When I was a little girl growing up in New York City, I remember hearing a program about Auschwitz. My mother wouldn’t let me watch. But unknown to her, the television was perfectly audible in my bedroom. I learned about how the St. Louis had wandered the seas with Hitler’s prey, Jews looking for refuge, and how every country in the world had seen fit to close its doors. And how Hitler had learned from this that he could do as he wished with the Jews of Europe.
I learned about the camps: the Zyklon B gas, the way the doors were locks…
And so, as I lay in my bed in the dark and listened to everything that was said, a horrible realization and a wonderful revelation took place in my soul. The horror was the terrible vulnerability of the Jews, and the unthinkable things that had been done to them because of it. The wonder was that I was a Jew and I was still alive and well with my whole future ahead of me; that whatever had happened to my people in the past, I could now help to ensure it never happened again.
In the morning, I asked my mother what she and other American Jews, safe in their comfortable homes, had done to help the isolated Jews of Europe. “There was a protest,” she said vaguely. “In Madison Square Garden.”
I was ashamed. I would never let that happen again, I thought. When I grew up, I would make sure that my life and the lives of my people were inextricable. I would care. I would fight. I would risk. I would be strong. I would give all my love to my G-d, my people, my nation.

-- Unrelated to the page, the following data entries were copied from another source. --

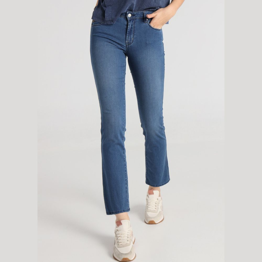 Tejano monic really de Lois, 67% algodón 21% poliéster 10% rayon 2% elastano, en azul medio semi desgastado, camal recto
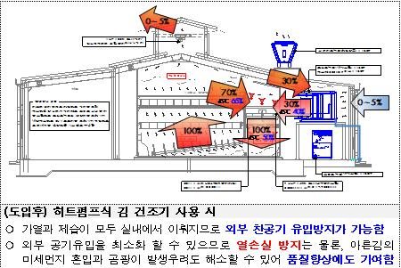 김은 지난해 수출 5.8억 달러를 달성한 대표 수산물 수출품목이자, 최근 10년간 산업 규모가 5배 이상 성장한 유망 품목이다. 그러나, 전국에 약 400여곳으로 추산되는 마른 김 가공업체들은 외부로의 열 손실이 많은 전기히터 또는 온풍기를 이용하여 김을 건조함에 따라 건조설비 운영비에 대한 부담이 컸다. 이에, 해양수산부는 수산가공업의 경영여건을 개선하고, 수출 경쟁력을 향상시키기 위해 올해부터 지자체와 함께 에너지절감시설인 ‘히트펌프식 김 건조설비’ 보급사업*을 시작하였다.
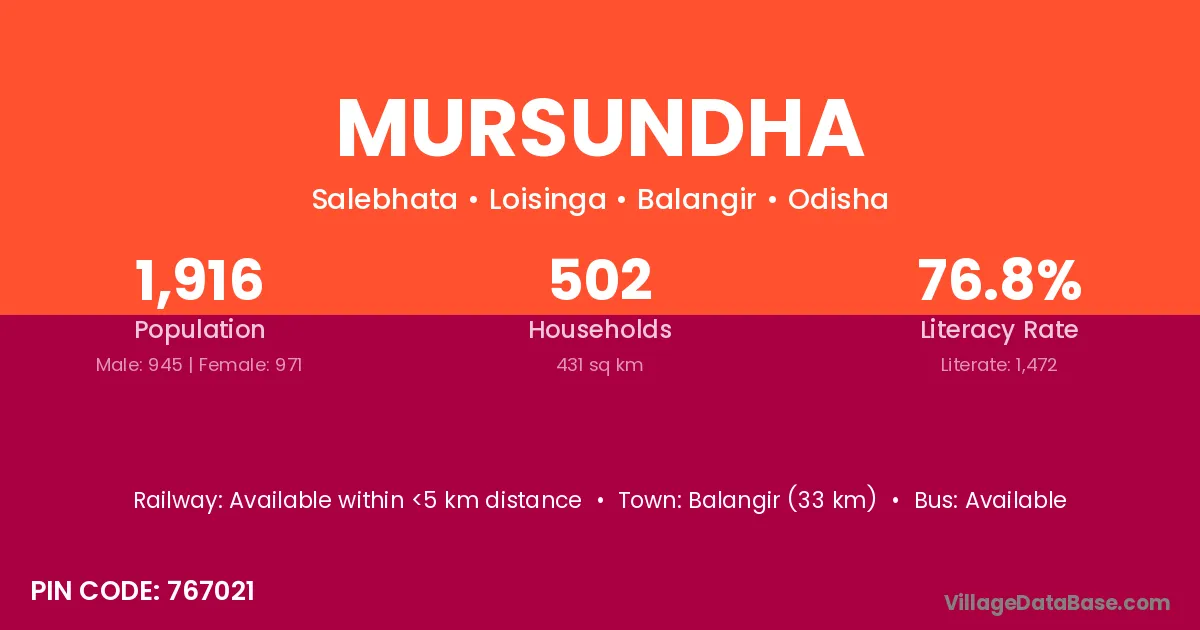 Balangir (33 km) is the nearest town to Mursundha village for major economic activities and is located approximately 33 km away.

And so, in my early twenties I moved to Israel. I was always a little surprised that more of my American Jewish friends didn’t join me. After all, the history of the Jewish people was being written in the Jewish State, not in New York, or Maryland. I was always a little ashamed when American Jews felt that their checks entitled them to pretend that they were citizens of Israel, entitled to decide her political moves, to give her advice, and scold her.
I accepted the summer camps for American Jewish children who were sent for two months to undo years of a barren American upbringing which gave them so little in terms of information and inspiration and connection with the richness of their Jewish heritage. We had fought so many wars to give American Jews a summer camp. But I was happy that those two months actually did help stem the tide of assimilation, and that the children who came did find pride in being part of the Jewish people.
And now, when the moment of truth has come and the entire world is once again smelling Jewish blood, and another six million Jews have become increasingly isolated and attacked and unfairly maligned, now when the solidarity of American Jewry actually means the world to her brothers and sisters in Israel, American Reform Jews have decided that Israel isn’t even worth summer camp.
Let’s be honest. I know what some of you are thinking: Is this woman off her rocker? Me, go into a war zone? Me, risk my children’s lives when Israel has become Beirut. Get real, lady! I see the same pictures you do on CNN -– the death and mayhem.
But the truth is, I walk the streets of Jerusalem. I send my son to school on the buses. I travel to Tel Aviv, and Haifa and Netanya. Millions of Israelis do it everyday and are fine. If I were to travel on the subways of New York late at night, or walk into certain neighborhoods in Baltimore, or Los Angeles or Miami I might not be fine. I might also risk being dead.
And so, I would like to reassure you. Israel, whatever our enemies tell you with the help of CNN, is not a war zone. We take precautions, just as you do in America. We don’t mingle in large crowds. Some of us feel more comfortable in taxis then buses. We don’t travel every road in the country fearlessly, but there are many, many roads in which you need have no fears at all. That is the truth. The big bombs get big news. But that doesn’t mean that on a day to day basis every one of us fears for our lives.
The truth is, youth groups are coming and going every single day, the participants cautiously guarded and directed, leaving with wonderful memories. The irony is that this is the best time in the world to come. The prices are great. Nothing is crowded. The tourist industry is at its most welcoming.
Millions of us in Israel turn to the Jews of North America, South America, England, South Africa, Australia and Europe and say: My brothers and sisters. The hour is at hand to see if we are truly a nation, an indivisible family. To show how deep your commitment goes. Because if Israel is the insurance policy for world Jewry; if her losses and sacrifices have been made to ensure every Jew a homeland, a place where when a Jew has to go there, the country has to take them in, then the time has come for you to do your part.
We are not asking you to put on a uniform and take a gun. Nor would we ask you to send your child into battle. We are asking you a very simple, reasonable thing. Come to Israel and see what a beautiful country we Jews have built. Only you can fill the flights to Israel. Only you can fill her hotels.
Come and show the world there is such a thing as the Jewish people and that they are not cowards. They have strength, and faith and courage. Show the affluent, influential Arabs nations and their European allies that the Jews have come home to stay and that, under attack, we don’t not cower. Our numbers swell.
Do this not only for Israel and her economy, and her people’s morale. Do it so that when your son or daughter asks you in years to come: ”Mommy, Daddy, what did you do when the Jews of Israel were under attack?” you can give them an answer which will make you, and them, feel proud.